→ **Input data**:
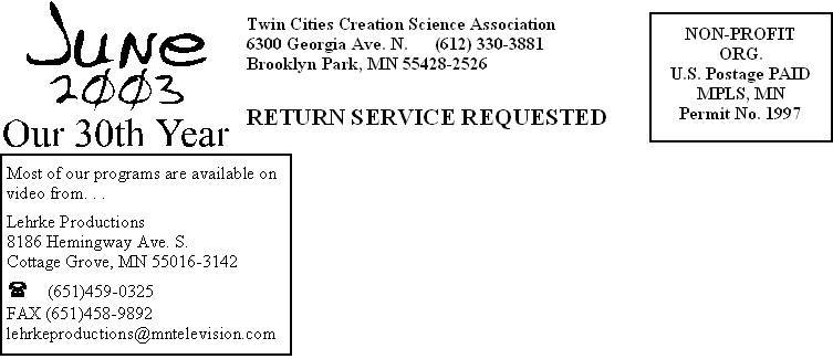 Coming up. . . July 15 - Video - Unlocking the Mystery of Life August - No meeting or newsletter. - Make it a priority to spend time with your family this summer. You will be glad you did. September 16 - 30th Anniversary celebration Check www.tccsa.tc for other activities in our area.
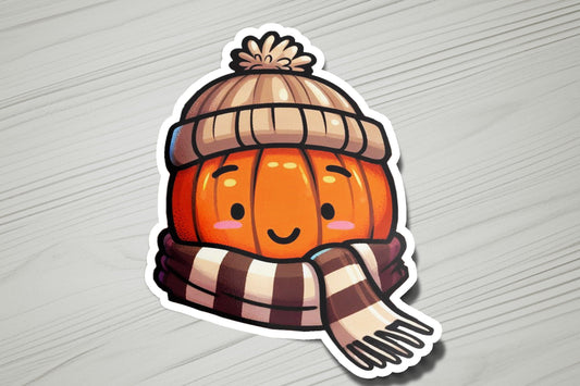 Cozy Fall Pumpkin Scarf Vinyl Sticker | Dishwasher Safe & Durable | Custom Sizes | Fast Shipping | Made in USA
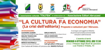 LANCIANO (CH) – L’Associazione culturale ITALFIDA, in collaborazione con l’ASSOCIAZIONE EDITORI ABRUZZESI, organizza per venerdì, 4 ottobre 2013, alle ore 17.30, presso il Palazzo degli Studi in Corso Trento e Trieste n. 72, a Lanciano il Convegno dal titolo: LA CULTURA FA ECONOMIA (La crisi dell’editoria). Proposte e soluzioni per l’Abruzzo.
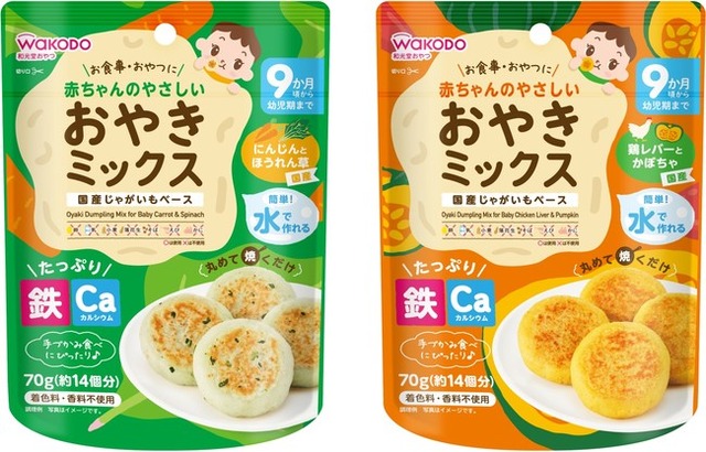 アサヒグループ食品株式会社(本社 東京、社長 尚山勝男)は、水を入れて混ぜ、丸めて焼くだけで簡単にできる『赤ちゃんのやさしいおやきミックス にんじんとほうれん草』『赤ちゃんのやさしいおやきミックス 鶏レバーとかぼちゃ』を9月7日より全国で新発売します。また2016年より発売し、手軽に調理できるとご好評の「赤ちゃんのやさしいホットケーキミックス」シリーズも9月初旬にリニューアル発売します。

→ **Action item**: Each line above starting at the one holding "Cozy Fall Pumpkin" and ending at the one holding "LANCIANO (CH) –" should be set down exactly as it stands, both ends included, with no pictures.

→ **Solution to the exercise**:
 Cozy Fall Pumpkin Scarf Vinyl Sticker | Dishwasher Safe & Durable | Custom Sizes | Fast Shipping | Made in USA
 LANCIANO (CH) – L’Associazione culturale ITALFIDA, in collaborazione con l’ASSOCIAZIONE EDITORI ABRUZZESI, organizza per venerdì, 4 ottobre 2013, alle ore 17.30, presso il Palazzo degli Studi in Corso Trento e Trieste n. 72, a Lanciano il Convegno dal titolo: LA CULTURA FA ECONOMIA (La crisi dell’editoria). Proposte e soluzioni per l’Abruzzo.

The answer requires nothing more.